Deutschland-Plan für bezahlbares Wohnen

Geschrieben am 10. September 2014

Wohnungsbau-Tag 2014

 

Neubauwohnungen für Durchschnittsverdiener – Kaltmieten senken

 

Deutschland-Plan für bezahlbares Wohnen zum 6. Wohnungsbau-Tag vorgestellt: In Berlin haben sieben Organisationen und Verbände der deutschen Bau- und Immobilienbranche am Mittwoch ein politisches Maßnahmenpaket zum Wohnungsneubau vorgestellt. Ziel ist ein deutliches Absenken von Kaltmieten für Neubauwohnungen. Neu gebaute Mietwohnungen in Großstädten und Metropolregionen sollen dadurch auch für Durchschnittsverdiener wieder bezahlbar werden, so das Verbändebündnis Wohnungsbau.

In ihm haben sich der Deutsche Mieterbund (DMB), die Industriegewerkschaft Bauen-Agrar-Umwelt (IG BAU), der Zentralverband Deutsches Baugewerbe (ZDB), der Bundesverband deutscher Wohnungs- und Immobilienunternehmen (GdW), der Bundesverband Freier Immobilien- und Wohnungsunternehmen (BFW), der Bundesverband Deutscher Baustoff-Fachhandel (BDB) und die Deutsche Gesellschaft für Mauerwerks- und Wohnungsbau (DGfM) zusammengeschlossen.

Die vom Verbändebündnis Wohnungsbau vorgestellte Studie „Mietwohnungsbau 2.0 – Bezahlbarer Wohnraum durch Neubau“ des Pestel-Instituts in Hannover zeigt auf, was sich ändern muss, um einen mit niedrigeren Mieten attraktiven Wohnungsneubau zu erreichen.
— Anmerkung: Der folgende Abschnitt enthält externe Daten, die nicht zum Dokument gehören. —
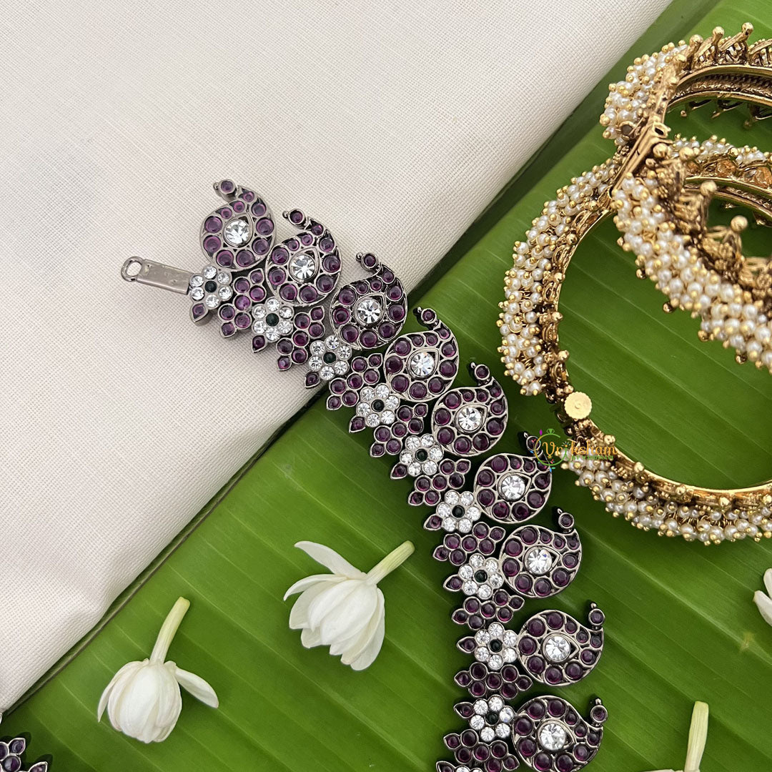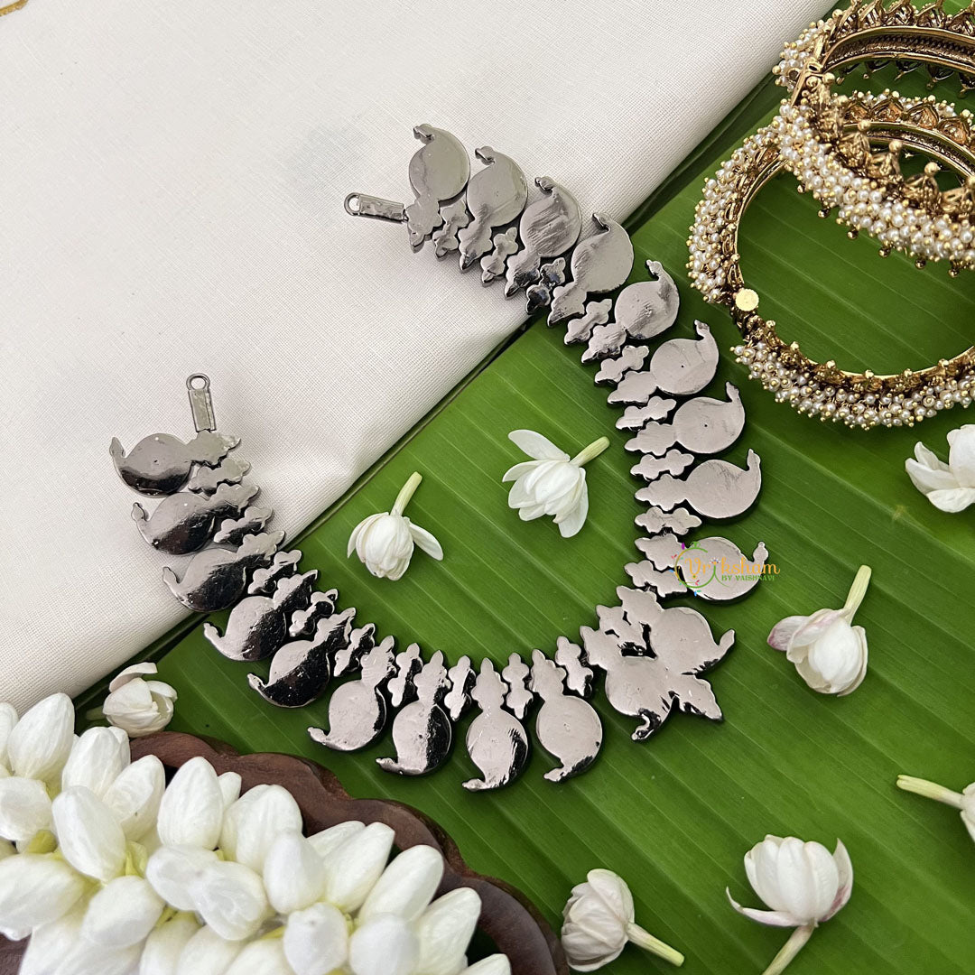 Elevate your elegance with the Vriksham Antique Maanga Style Black Polish Kemp Short Neckpiece. This exquisite piece features a timeless antique finish paired with striking black polish and vibrant kemp stones, creating a refined statement for any occasion. Its short length enhances neckline grace, making it perfect for both traditional and contemporary attire. Crafted to blend heritage charm with modern sophistication, this neckpiece adds a distinguished touch to your jewelry collection.

Die Wissenschaftler kommen zu dem Ergebnis, dass eine Verbesserung der steuerlichen Abschreibungsbedingungen, eine Reduzierung der Baulandkosten und verbesserte Finanzierungskonditionen einen enormen Preiseffekt auf dem Mietwohnungsmarkt hätten.

Im Idealfall könnten die Kaltmieten in Neubauten um bis zu 4,14 Euro pro Quadratmeter gesenkt werden, rechnen die Wissenschaftler des Pestel-Instituts in ihrer Studie vor. Notwendig hierfür wäre in dem Paket kombinierter Maßnahmen insbesondere die Einführung einer linearen Abschreibung (AfA) in Höhe von 4 Prozent jährlich.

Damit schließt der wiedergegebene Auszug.